Might we not merely snicker at Chesterton’s quip, “cleverness shall be left for men and wisdom for women”[13], but rather lean into what that actually reflects about creation? Without a supernatural reference point, the harrowing noun known as ‘privilege’ will continue to run roughshod over our relationships. Without the retrieval and appropriate honour of the feminine genius, our culture will continue its heading toward the denigration of women through Feminism, the continued diminishing of their unique contributions to our culture and the stifling of a vision of pious femininity that ultimately emulates the life of Christ Himself. Ignoring these modern developments is passively condemning our culture to a gloomy fate – one that believes and embodies the lie that being a woman is not a privilege but an injustice.


Forthcoming: The Christological Act of Motherhood.



[1] An example of this range of use is present in the letters between Pliny and Trajan, wherein Pliny is thankful to have been granted the same privileges (special favour) as those who have three or four children in their family (private laws). See Pliny the Younger. Letters, Volume II: Books 8-10. Panegyricus. Translated by Betty Radice. Loeb Classical Library 59. Cambridge, MA: Harvard University Press, 1969.

[2] Melissa Hofmann., “Research Guides: Privilege and Intersectionality: What Is Privilege?” Guides.rider.edu., 2018. https://guides.rider.edu/privilege. 8

[3] Alice von Hildebrand., The Privilege of Being a Woman. Naples: Sapientia Press of Ave Maria University, 2007, 15.

[4] John Paul II, Letter to Women, encyclical letter, Vatican website, June 29, 1995, https://www.vatican.va/content/john-paul-ii/en/letters/1995/documents/hf_jp-ii_let_29061995_women.html

[5] See Pope Pius XII’s address to the World Union of Catholic Women’s Organizations in 1957.

[6] Joseph Mindszenty., The Mother. Literary Licensing, MI: USA, LLC, 66.

[7] By ‘Modern Feminism’ here, I am referring to its usage in Mona Charen’s Sex Matters: How Modern Feminism Lost Touch with Science, Love, and Common Sense.

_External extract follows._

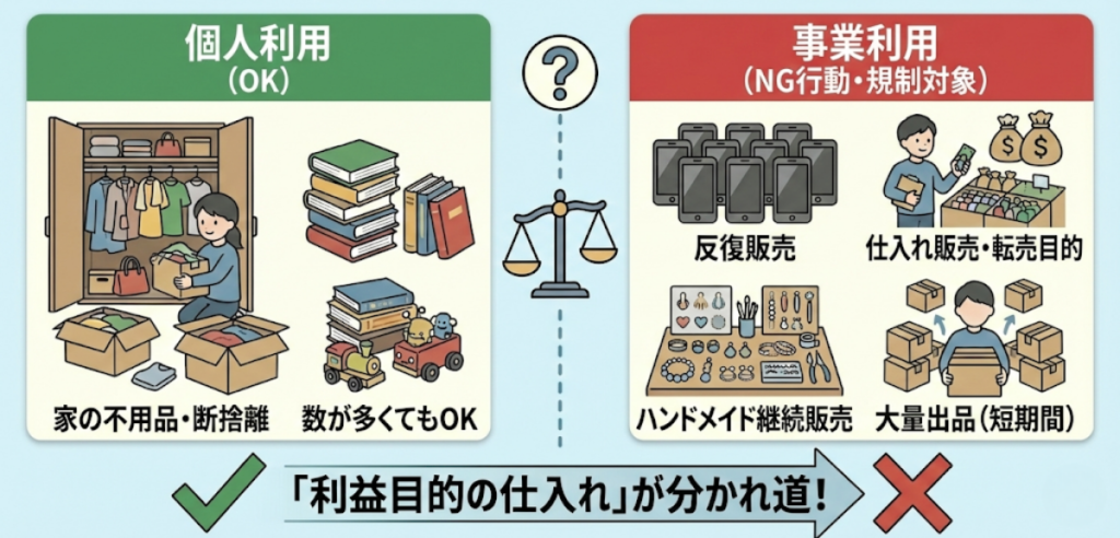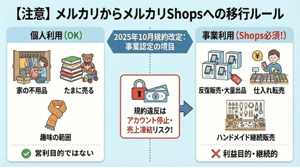 運営は「個人」と「事業」の線引きを進めており、知らずに使っているとアカウント停止のリスクがあります。

[8] De Beauvoir wrote vehemently against the notion of the metaphysical and its import for women precisely because metaphysics imprisons woman in her status of the ‘Other’, refusing her access to the actual status of humanity, that of autonomy and freedom. I am grateful to Julia Kristeva’s work for this insight.

[9] Mindszenty, 5.

[10] John Paul II, Mulieris Dignitatem, Apostolic letter, Vatican website, August 15, 1988, https://www.vatican.va/content/john-paul-ii/en/apost_letters/1988/documents/hf_jp-ii_apl_19880815_mulieris-dignitatem.html

[11] John Paul II, Evangelium Vitae, Encyclical letter, Vatican website, March 25, 1995, https://www.vatican.va/content/john-paul-ii/en/encyclicals/documents/hf_jp-ii_enc_25031995_evangelium-vitae.html

[12] Alice von Hildebrand., The Privilege of Being a Woman. Naples: Sapientia Press of Ave Maria University, 2007, 84.

[13] Gilbert Keith Chesterton., What’s Wrong with the World. Binker North, 148.